■ Problem to solve: Reproduce the data exactly as given, except for any images.
*** Recorded data ***
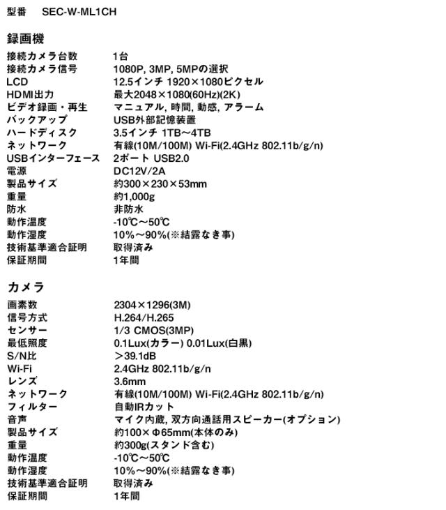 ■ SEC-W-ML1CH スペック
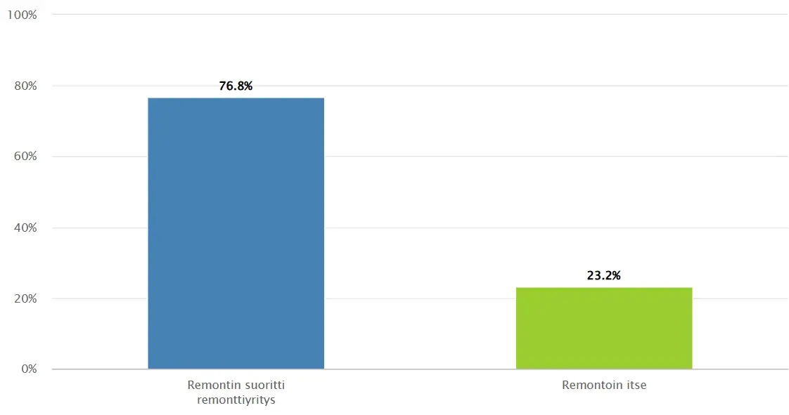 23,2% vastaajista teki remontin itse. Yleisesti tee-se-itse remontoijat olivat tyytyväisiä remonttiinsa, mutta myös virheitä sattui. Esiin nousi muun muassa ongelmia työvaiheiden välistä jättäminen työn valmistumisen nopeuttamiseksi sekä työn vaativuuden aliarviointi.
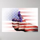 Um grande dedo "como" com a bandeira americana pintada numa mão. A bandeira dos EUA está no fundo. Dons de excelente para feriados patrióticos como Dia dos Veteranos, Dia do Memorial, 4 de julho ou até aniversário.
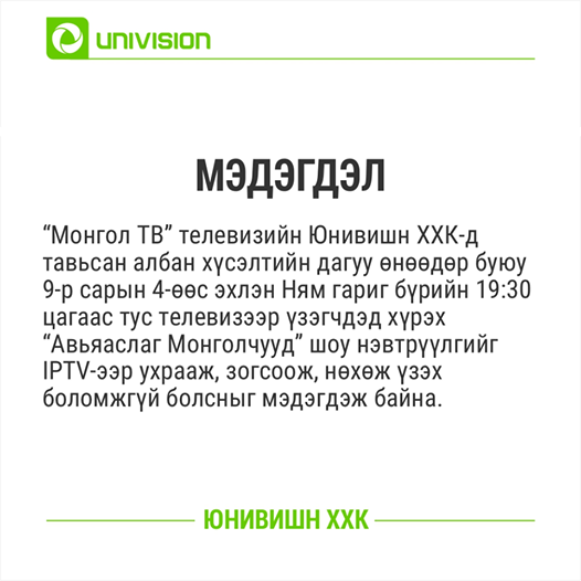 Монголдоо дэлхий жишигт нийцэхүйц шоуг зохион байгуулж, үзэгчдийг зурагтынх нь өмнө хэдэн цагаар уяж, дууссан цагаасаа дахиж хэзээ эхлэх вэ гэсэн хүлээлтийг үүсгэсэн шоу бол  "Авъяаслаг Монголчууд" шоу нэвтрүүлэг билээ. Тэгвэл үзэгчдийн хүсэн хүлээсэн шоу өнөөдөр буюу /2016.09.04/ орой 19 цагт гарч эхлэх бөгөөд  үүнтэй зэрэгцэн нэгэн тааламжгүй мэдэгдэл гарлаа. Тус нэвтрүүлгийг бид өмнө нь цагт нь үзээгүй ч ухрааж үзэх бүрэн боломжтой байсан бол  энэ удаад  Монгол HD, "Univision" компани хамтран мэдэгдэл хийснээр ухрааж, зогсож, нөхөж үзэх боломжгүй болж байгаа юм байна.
*** End of Recorded data ***
■ Answer area:
 ■ SEC-W-ML1CH スペック
 23,2% vastaajista teki remontin itse. Yleisesti tee-se-itse remontoijat olivat tyytyväisiä remonttiinsa, mutta myös virheitä sattui. Esiin nousi muun muassa ongelmia työvaiheiden välistä jättäminen työn valmistumisen nopeuttamiseksi sekä työn vaativuuden aliarviointi.
 Um grande dedo "como" com a bandeira americana pintada numa mão. A bandeira dos EUA está no fundo. Dons de excelente para feriados patrióticos como Dia dos Veteranos, Dia do Memorial, 4 de julho ou até aniversário.
 Монголдоо дэлхий жишигт нийцэхүйц шоуг зохион байгуулж, үзэгчдийг зурагтынх нь өмнө хэдэн цагаар уяж, дууссан цагаасаа дахиж хэзээ эхлэх вэ гэсэн хүлээлтийг үүсгэсэн шоу бол  "Авъяаслаг Монголчууд" шоу нэвтрүүлэг билээ. Тэгвэл үзэгчдийн хүсэн хүлээсэн шоу өнөөдөр буюу /2016.09.04/ орой 19 цагт гарч эхлэх бөгөөд  үүнтэй зэрэгцэн нэгэн тааламжгүй мэдэгдэл гарлаа. Тус нэвтрүүлгийг бид өмнө нь цагт нь үзээгүй ч ухрааж үзэх бүрэн боломжтой байсан бол  энэ удаад  Монгол HD, "Univision" компани хамтран мэдэгдэл хийснээр ухрааж, зогсож, нөхөж үзэх боломжгүй болж байгаа юм байна.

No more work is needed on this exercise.